Let's define some variables first:
1. $L$ = number of layers
2. $s_l$ = number of neurons (nodes) in the $l_{th}$ layer not counting the bias unit
3. $K$ = number of classes, $S_L = K$
4. $m$ = number of data points (row) in the training set
5. $n$ = number of features (columns in the training sets)

Second, let's recall the cost function for Logistic Regression:

$J(\theta) = \frac{1}{m}\sum_{i=1}^m(-y^{(i)} log(h^{(i)}(\theta)) - (1-y^{(i)})log(1-h^{(i)}(\theta))) + \frac{\lambda}{2m}\sum_{j=1}^n\theta_j^2$

The cost for the NN is going to be just a more complicated version of the above:

$J(\Theta) = \frac{1}{m}\sum_{i=1}^m \sum_{k=1}^K\big[-y_k^{(i)} log((h_{\Theta}(x^{(i)}))_k) - (1-y_k^{(i)})log(1-(h_{\Theta}(x^{(i)}))_k)\big] + \frac{\lambda}{2m}\sum_{l=1}^{L-1}\sum_{i=1}^{s_l}\sum_{j=1}^{s_l + 1}(\Theta_{i,j}^{(l)})^2$

where $h_{\theta}(x^{(i)})$ is computed as shown in the Figure 2 above, and $K$ = 10 is the total number of possible labels. <br>
Note that $h_{\theta}(x^{(i)})_k = a_k^{(3)}$ is the activation function (output value) of the *k*-th output unit (in the output layer) for the *i*-th training example.
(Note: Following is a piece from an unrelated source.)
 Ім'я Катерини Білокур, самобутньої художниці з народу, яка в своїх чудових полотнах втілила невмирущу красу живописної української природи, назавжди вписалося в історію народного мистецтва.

We want to find $\Theta$ to minimize $J(\Theta)$.

To do that, we need to calculate $\nabla J(\Theta)$ w.r.t. (with respect to) to $\Theta$, basically $\frac{\partial J(\Theta)}{\partial \Theta_{i,j}^{(l)}} = D_{i,j}^{(l)}$. <br>
The **backpropagation algorithm** helps us to calculate $D_{i,j}^{(l)}$.

## Backpropagation Algorithm

**NOTE**: we are going to explain how the backpropagation algorithm works taking into account that our Neural Network has **3 layers** (one input layer, one hidden layer and one output layer) where the input layer has **400** units (excluding bias term), the hidden layer has **25** units (excluding bias term) and the output layer has **10** units.
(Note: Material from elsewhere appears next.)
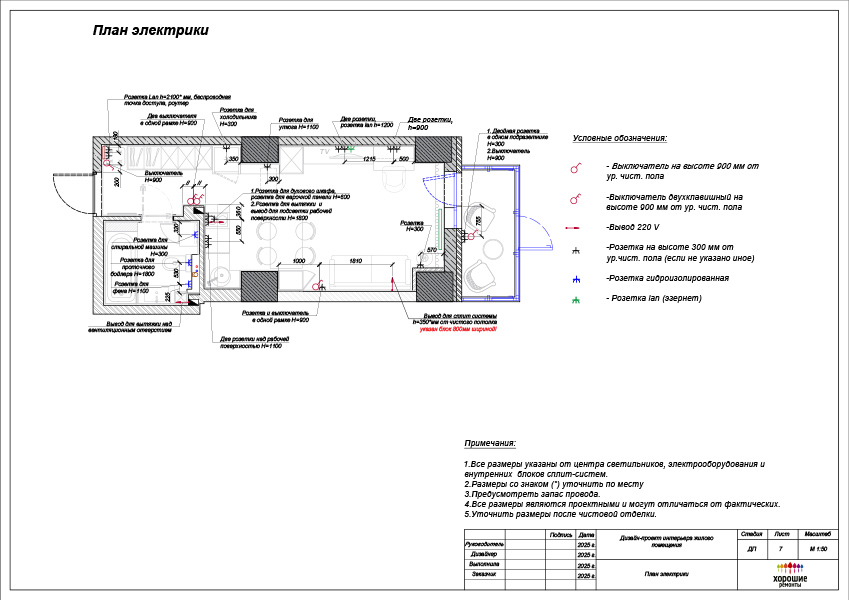 В состав электрики входят несколько чертежей, отражающих люстры, светильники, бра, розетки и выключали со всеми отступами и высотами.

1. $\Delta^{(l)} := 0$, define a gradient matrix $\Delta$ for each layer, excluding the input layer (so do not define $\Delta^{(0)}$) and set its values to zero. Concretely, in our case we will define $\Delta^{(2)}$ and $\Delta^{(1)}$. The size of $\Delta^{(l)}$ is euqual to:
$$ size(\Delta^{(l)}) = size(\theta^{(l)})$$
These $\Delta^{(l)}$ matrix will be used to store the gradient of the cost function.
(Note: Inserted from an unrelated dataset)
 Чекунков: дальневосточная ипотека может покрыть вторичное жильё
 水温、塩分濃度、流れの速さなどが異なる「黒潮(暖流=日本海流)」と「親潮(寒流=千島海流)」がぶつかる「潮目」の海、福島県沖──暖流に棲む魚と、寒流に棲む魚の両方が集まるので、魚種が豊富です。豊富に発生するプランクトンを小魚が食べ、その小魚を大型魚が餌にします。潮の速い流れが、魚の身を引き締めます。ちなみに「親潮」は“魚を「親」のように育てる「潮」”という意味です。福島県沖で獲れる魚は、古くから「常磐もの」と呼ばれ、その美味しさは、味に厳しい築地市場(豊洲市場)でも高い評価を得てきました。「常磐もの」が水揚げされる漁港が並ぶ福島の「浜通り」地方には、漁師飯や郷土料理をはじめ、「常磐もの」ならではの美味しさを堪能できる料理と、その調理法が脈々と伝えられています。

2. For $i = 1:m$ (looping through the training set): <br>
   A- set the input layer's values ($a^{(1)}$) to the $t$-th trainig example $x^{(t)}$. <br>
   
   B- perform a **feed forward propagation** pass (Figure 2), computing the activations ($z^{(2)}, a^{(2)}, z^{(3)}, a^{(3)}$) for layers 2 and 3. Note that you need to add $+1$ term to ensure that the vectors of activations for layers $a^{(1)}$ and $a^{(2)}$ also include the bias unit. <br>
   
   C- Then, for each node $j$ in layer $l$, we would like to compute an "error term" $\delta_j^{(l)}$ that measures *how much that node was "responsible" for any errors in our output"*. For each output unit $k$ in layer 3 (the output layer), set:
   $$\delta_k^{(3)} = (a_k^{(3)} - y_k)$$ where $y_k \in \{0, 1\}$ indicates whether the current training example belongs to class $k$ ($y_k = 1$), or if it belongs to a different class ($y_k = 0$). <br>
   
   D- for hidden layer $l = 2$, set:
   $$\delta^{(2)} = (\theta^{(2)})^T \delta^{(3)}.* g'(z^{(2)}) = (\theta^{(2)})^T \delta^{(3)}.* ((a^{(2)}).*(1-a^{(2)}))$$
   For the **input unit** we do not compute the error term. (Note that $".*"$ indicates normal multiplication and not matrix multiplication). <br>
   
   E- Accumulate the gradient using the following formula: 
   $$\Delta^{(l)} = \Delta^{(l)} + \delta^{(l + 1)}(a^{(l)})^T $$
   So, in our case, we have calculted so far $\delta^{(3)}$, $\delta^{(2)}$ and we have $\Delta^{(2)}$ and $\Delta^{(1)}$ which we have previously initialized. Then the updates of $\Delta^{(2)}$ and $\Delta^{(1)}$ are:
   $$\Delta^{(2)} = \Delta^{(2)} + \delta^{(3)}(a^{(2)})^T $$
   $$\Delta^{(1)} = \Delta^{(1)} + \delta^{(2)}(a^{(1)})^T $$
   Note that you should skip or remove $\delta_0^{(2)}$ (the bias term).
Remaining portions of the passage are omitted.